There are 4 aces in this deck of 52 cards. I need an ace to win!

7. Non-exhaustive event example
In ‘real life’ situations, it is often not possible to list all the possible outcomes as ‘objects’ may behave in unpredictable and unknowable ways. For example it is possible to identify all the ways people might respond in an emergency situation?
Look out! Horses on the loose. What are they going to do?

8. Mutually exclusive events
Mutually exclusive means that obtaining one result prevents another from happening i.e. we cannot have all the outcomes happening at the same time. The total sum of the probabilities of mutually exclusive events is equal to 1.

9. Example of mutually exclusive events
Tossing a coin is a mutually exclusive event since we cannot get both heads and tails at the same time. This is also true of throwing a dice.
When I toss this coin I will get either a head or a tail.

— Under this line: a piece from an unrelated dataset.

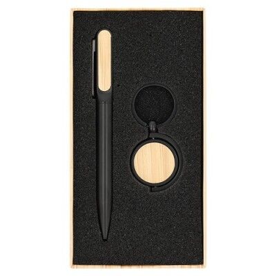 Set de oficina con bolígrafo, llavero y estuche. Bolígrafo con mecanismo twist. Medidas: 1 x 14 cm Bolígrafo / 3.5 x 7.5 cm Llavero

I cannot get both at the same time!
P(Head) + P(Tail) = 1

10. Example of events which are not mutually exclusive
Here we can have more than one outcome happening at the same time, for example imagine we are listing our outcomes for ‘the weather’. We might list:
Sunny
Windy
Rainy
Snowy
Stormy and so on (we may not able to list all the possible outcomes!)
However, what we actually get is sun and rain at the same time so our outcomes were not mutually exclusive.